Oil and gas ban a 'death sentence' for Taranaki - Duncan Garner

Duncan Garner says the Prime Minister needs to get on a plane to Taranaki to front up to the community he says has been dealt a "death sentence".

Jacinda Ardern and Megan Woods, Minister of Energy and Resources, announced on Thursday morning there would be no more permits offered for offshore oil and gas exploration.

Garner says Ms Ardern had "put pressure on herself" to do something, after calling climate change her generation's "nuclear-free moment" last year.

"It had to happen really, didn't it?" he asked viewers of The AM Show. "If you say that, you've got to do something."

The decision doesn't affect existing permits, some of which run for another two decades, but Garner says it puts 10,000 jobs and the entire industry at risk.

"It will slowly just die out. Jobs, jobs, jobs and jobs - we're not sure what the fallout will be of course, but these are high-paying jobs - 10,000 people in the industry, average wage is $100,000. This is a death sentence for the industry in Taranaki. There's no chance of a fancy lawyer and an appeal because there's no appeal court here."

Duncan Garner.
Duncan Garner. Photo credit: The AM Show

The Government says there only 3900 people directly employed in the fossil fuel industry in Taranaki, and the transition will be slow enough that other, greener jobs will emerge in their place.

"No one that has woken up this morning to this news that is currently employed in this industry has any reason to think their job is going to disappear overnight," Ms Woods told him. "It is exactly the opposite."

That didn't deter Garner, who said it also puts the Government's already tight budget in a precarious place.

"The Prime Minister needs to explain what happens next, she needs to explain how we fill the gap in terms of income. This thing will raise $20 billion by 2025 - or will it? Will these companies walk away? Will taxes go up to pay for the hip operations the oil paid for?"

According to the Ministry of Business, Innovation and Employment, oil and gas royalties earned the country $193 million in the year to June 2016 - half of what made just four years before. Industry group PEPANZ says it contributes about $500 million a year in royalties and taxes.

Garner says Ms Ardern needs to drop her existing plans and get on a plane to Taranaki today. She presently has plans to make it down in May.

"You're going to go down there later in May, you say. Later in May? What about today and what about tomorrow? They want to hear from you, Prime Minister.

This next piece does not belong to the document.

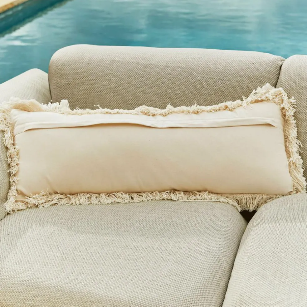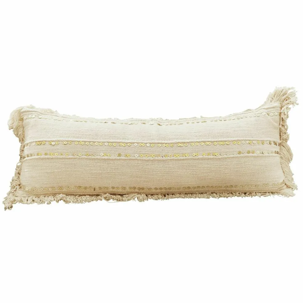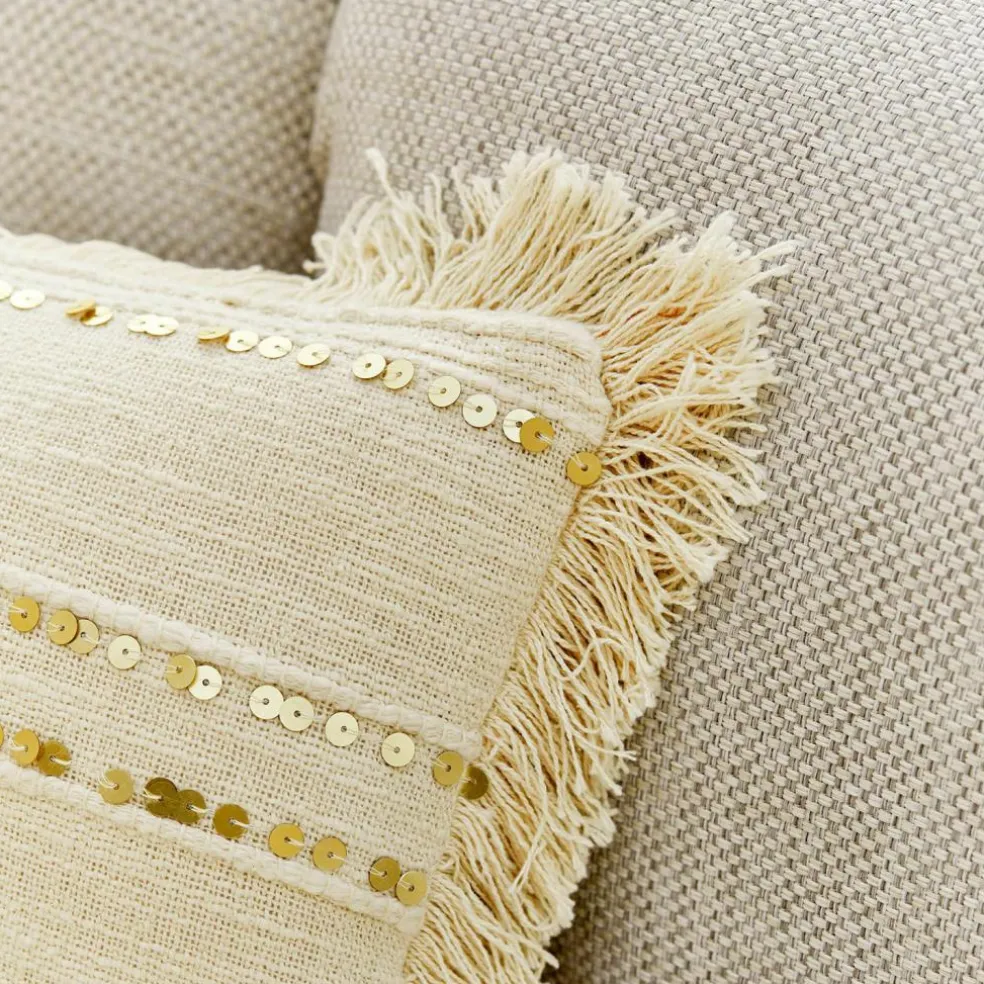 Ein Kissen, das durch sein raffiniertes Webmuster und seine edlen Details besticht. Die aus Baumwolle gewebte Struktur verleiht dem Kissen eine besondere Tiefe und eine angenehme Haptik. Die funkelnden Pailletten setzen einen charmanten Glanzpunkt, während die Fransen das Gesamtbild harmonisch abrunden. Diese Kombination aus Struktur und Dekor macht das Kissen zu einem stilvollen Accessoire für Ihr Wohnzimmer oder Schlafzimmer. Ob auf dem Sofa, dem Bett oder als dekorativer Akzent auf einem Sessel – dieses Kissen bringt eine exklusive Note in jede Einrichtung. Dank des weichen Innenkissens ist es sofort bereit für den Einsatz.

It's a big move, I'd get on the plane a bit earlier."

Ms Ardern will later this week get on a plane, but she'll be heading to the other side fo the world for the Commonwealth Heads of Government Meeting in London.

Big and bold - and real

Despite his concerns about the effect it might have on  the local economy and the Government's coffers, Garner acknowledged it was a "big and bold" move.

"It won't save the planet, but its' a baby step to save the planet. It's a bold stamp and New Zealand can say,' Hey, we did this.' Because from today we are doing this. It's more than symbolism because it's real."

The only other countries that have made comparable moves to roll back fossil fuel exploration are Belize, Costa Rica and France.